El Mar Pálido comenzaba allí donde el Desierto de los Suspiros lindaba con las fronteras de Ilmiora, entre las costas del continente Oriental y las tierras de Tarkesh, Dharijor y Shazar.
Era un mar frío, un mar displicente y amedrentador, pero las naves preferían atravesarlo para salir de Ilmiora e ir a Dharijor en lugar de arriesgarse a los peligros más extraños de los Estrechos del Caos, azotados por tempestades eternas y habitados por malévolas criaturas marinas.
Elric de Melniboné se encontraba sobre la cubierta de una goleta ilmiorana; iba envuelto en su capa y mientras temblaba contemplaba sombríamente el cielo encapotado.
El capitán, un hombre corpulento de alegres ojos azules, cruzó la cubierta con mucho esfuerzo en dirección a él. En la mano llevaba una copa de vino caliente. Se enderezó sujetándose a un aparejo y le ofreció la copa a Elric.
—Gracias —dijo el albino. Bebió unos sorbos de vino y luego le preguntó—: Capitán, ¿cuánto falta para que lleguemos al puerto de Banarva?
El capitán se subió el cuello de su coleto de cuero y con él se cubrió el rostro barbudo.
—Navegamos despacio, pero antes del ocaso deberíamos avistar la península de Tarkesh. —Banarva se encontraba en Tarkesh, uno de sus principales puertos mercantiles. El capitán se apoyó en una barandilla—. Me pregunto cuánto tiempo más seguirán estas aguas siendo libres a la navegación ahora que ha estallado la guerra entre los reinos del oeste. Tanto Dharijor como Pan Tang fueron famosas en el pasado por sus actividades piratas. Estoy seguro de que no tardarán en volver a ellas con la excusa de la guerra.
Elric asintió levemente, sus pensamientos estaban en algo muy distinto de las perspectivas de la piratería.

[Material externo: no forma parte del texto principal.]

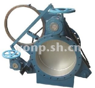 該閥門由左閥體、中閥體、右閥體、扇形盲板、絲桿螺母付、不銹鋼補償器、兩個蝸輪傳動機構等組成。它是通過三根絲桿連 成一體,并把三個閥體分別固定在底座上,構成一個剛性結構體。中閥體與右閥體用不銹鋼膨脹管聯(lián)接,左、中閥體分別用三根兩 端帶左右梯形螺紋的絲桿聯(lián)接,將三根絲桿同時作正向(或反向)旋轉(zhuǎn),則左、中兩閥體得到壓緊(或分離)。三根絲杠中上面一 根絲桿中間裝有盲板,盲板繞該軸心旋轉(zhuǎn)。下面兩根絲桿在同樣的部位上安裝有盲板的定位塊,盲板旋轉(zhuǎn)時可以防止盲板漂移,避 免密封膠圈擦傷。其中一根上裝有蝸輪傳動機構,實現(xiàn)松開夾緊閥體的目的。
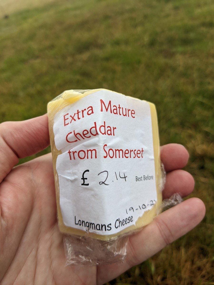 14:16:09 Still not much visibility - I had thought it was supposed to be clearing by this point of the afternoon! | 14:41:40 A late lunch, because I had struggled to find a nice spot to sit, the section of the walk beyond Maiden Newton being largely through farmer's fields. In fact even this spot turned out to be less than ideal, when I was persuaded to move on by a stampeding herd of cows, with only a very flimsy looking wire fence between me and them. This cheese however (bought in the village shop in Maiden Newton) was a bargain and very tasty. | 15:19:54 The manor house in the hamlet of Toller Whelme, which looked rather impressive I thought. | 15:20:00 |
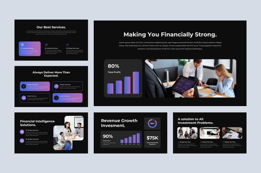 此演示模板可用于各种目的,例如:金融、财产、银行、公司简介、企业、代理、广告、数字营销、商业计划、提案、演示文稿、技术、工作室、项目、多用途、初创企业、行业,也可用于个人投资组合。
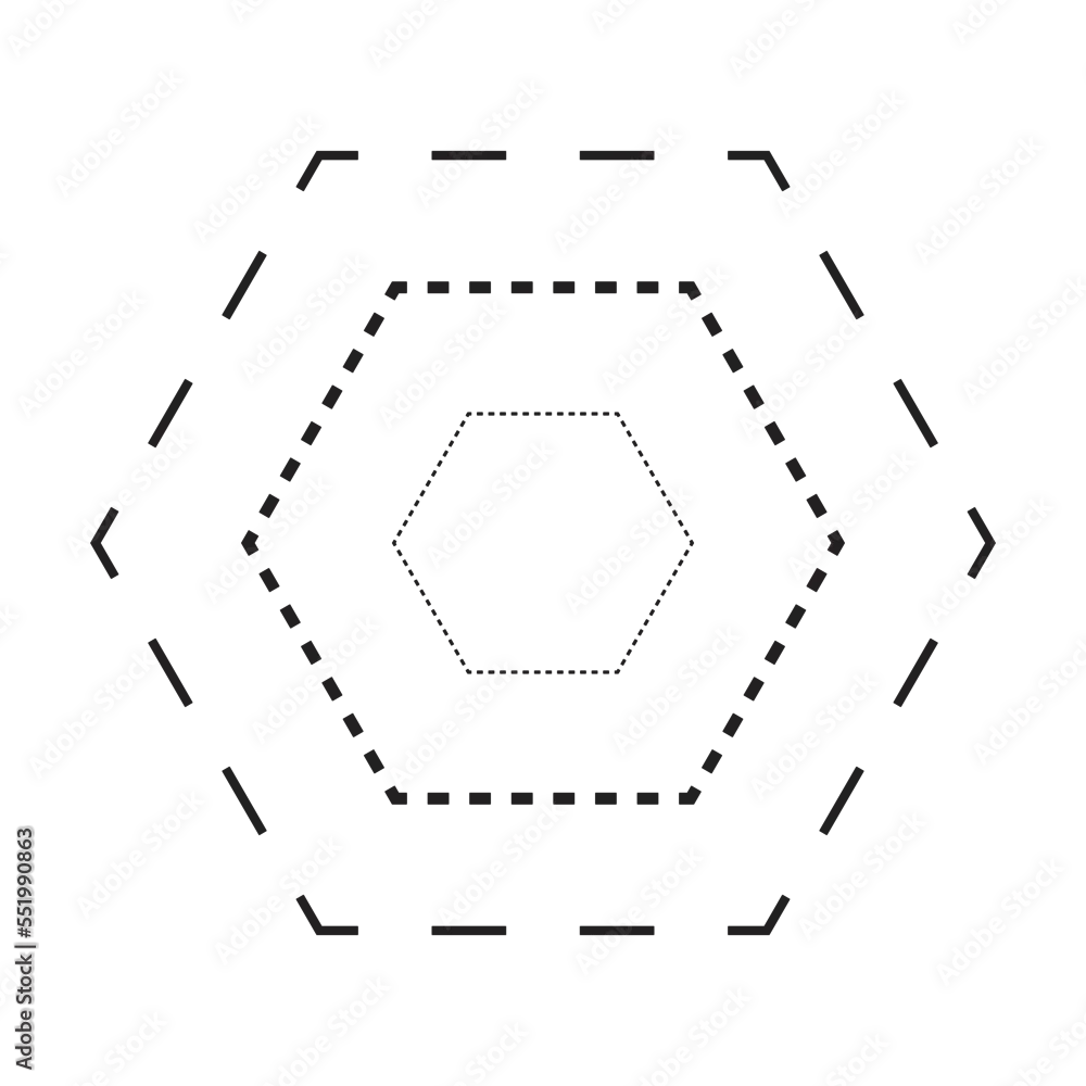 Tracing hexagon shape symbol, dashed and dotted broken line element for preschool, kindergarten and Montessori kids prewriting, drawing and cutting practice ...
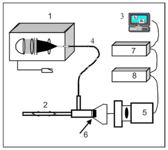 Optical diagram of the fluorescence imaging system: 1—light source with a violet filter (λ = 405 ± 25 nm), 2—endoscope, 3—monitor, 4—liquid optical fiber, 5—CCD camera, 6—optical filter, 7—computer, 8—video.
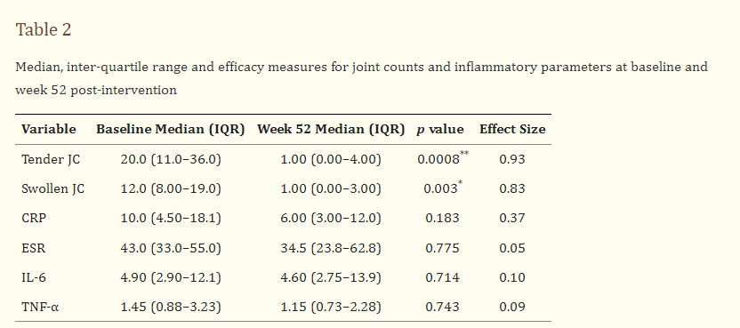表2:基線(xiàn)和干預后第52周的關(guān)節計數和炎癥參數的中位數、四分位間距和療效測量。
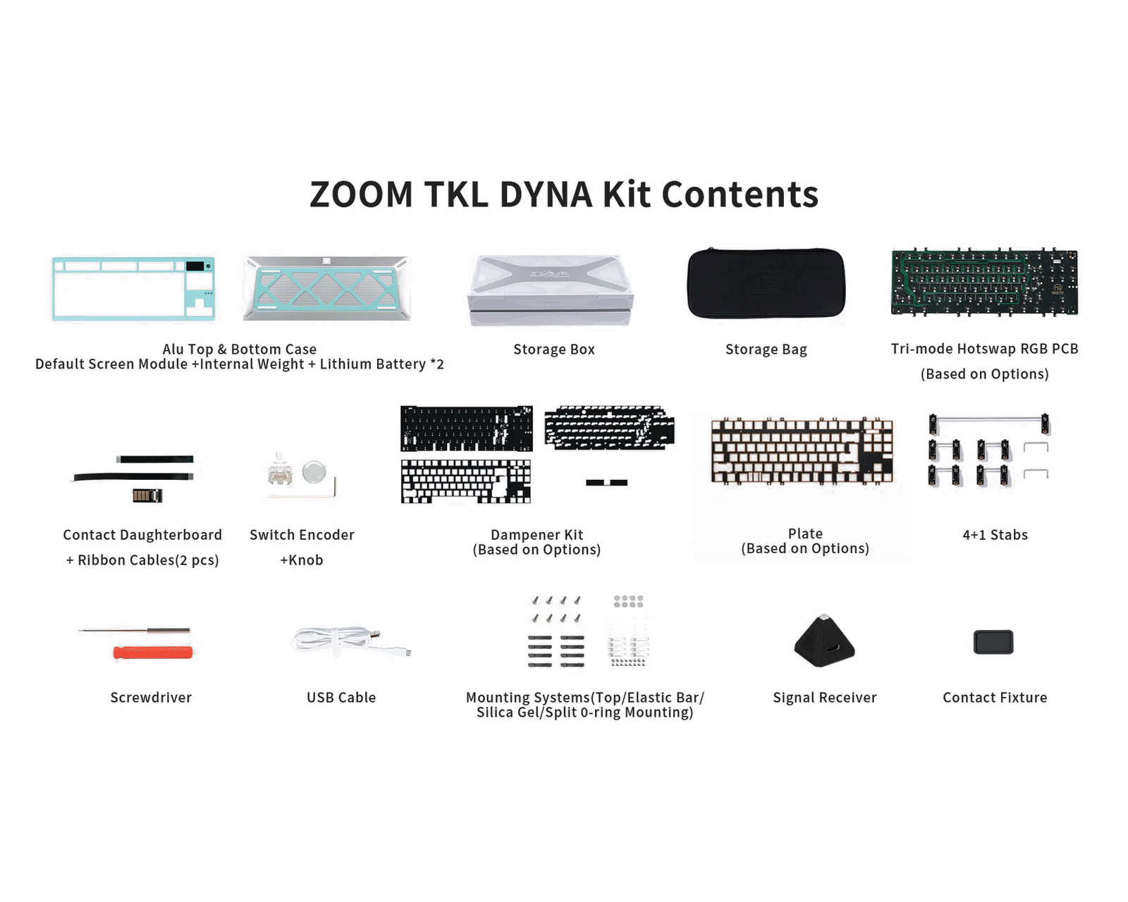 Bitte beachten Sie, dass die Tastatur montiert werden muss, Schalter und Keycaps sind nicht enthalten.ZOOM TKL DYNA ist ein Barebones-Kit von Wuque Studio, das ein vielseitiges Benutzererlebnis bietet. Das modulare Design ermöglicht Anpassungen des Gehäuses und der Bedienelemente, was den Benutzern die Freiheit gibt, ihre Einstellungen anzupassen. Das Gerät hat ein Gehäuse aus 6063 Aluminium und ein schraubenloses Kugelverschlusssystem, um den einfachen Wechsel zwischen verschiedenen Montagemöglichkeiten zu ermöglichen. Es unterstützt sowohl kabelgebundene Verbindungen über USB-C als auch drahtlose Verbindungen über Bluetooth 5.4 und 2.4 GHz.

Cuando desembarcaron en el puerto de Banarva hacía una tarde helada; Elric no tardó en apreciar signos de que la guerra ensombrecía las tierras de los Reinos Jóvenes. Los rumores abundaban, no se hablaba más que de batallas ganadas y guerreros perdidos. De los chismorrees no logró sacar una impresión clara de cómo marchaba la guerra, excepto que aún no se había producido la batalla decisiva.
Los banarvanos locuaces le contaron que los hombres marchaban por todo el Continente Occidental. De Myyrrhn partían los hombres alados. Desde Jharkor marchaban los Leopardos Blancos, la guardia personal de la reina Yishana, en dirección a Dharijor, mientras que Dyvim Slorm y sus mercenarios avanzaban hacia el norte para salirles al encuentro.
Dharijor era la nación más fuerte del oeste y Pan Tang era un aliado formidable, más por el dominio de las ciencias ocultas de sus gentes que por su número. La otra nación que seguía en fuerzas a Dharijor era Jharkor que, a pesar de tener como aliadas a Tarkesh, Myyrrhn y Shazar, no alcanzaba a igualar la fortaleza de quienes amenazaban la seguridad de los Reinos Jóvenes.
Durante años, Dharijor había esperado la ocasión de salir a la conquista de otros países, y la veloz alianza en su contra había sido llevada a cabo en un esfuerzo por detenerla antes de que llegara a prepararse del todo para esa conquista. Elric ignoraba si ese esfuerzo tendría éxito, y quienes hablaban con él tampoco estaban seguros.
Las calles de Banarva estaban atestadas de soldados y manadas de caballos y bueyes cargados de pertrechos. El puerto estaba lleno de naves de guerra y resultaba difícil encontrar alojamiento, puesto que la mayoría de las posadas y muchas casas particulares habían sido requisadas por el ejército. En todo el Continente Occidental ocurría lo mismo. Por todas partes los hombres se cubrían con sus armaduras, montaban a lomos de poderosos corceles, afilaban sus armas y bajo brillantes estandartes de seda cabalgaban dispuestos a matar y a saquear.
Allí, sin duda, encontraría la batalla de la profecía, pensó Elric. Intentó olvidar su inmenso deseo de conocer noticias de Zarozinia y volvió la mirada sombría hacia el oeste. La Tormentosa colgaba cual ancla a su costado y la palpaba sin cesar, y aunque le daba la vitalidad de la que gozaba, no podía dejar de odiarla.
Pasó la noche en Banarva y a la mañana siguiente ya había alquilado un buen caballo y cruzaba los pastizales en dirección a Jharkor.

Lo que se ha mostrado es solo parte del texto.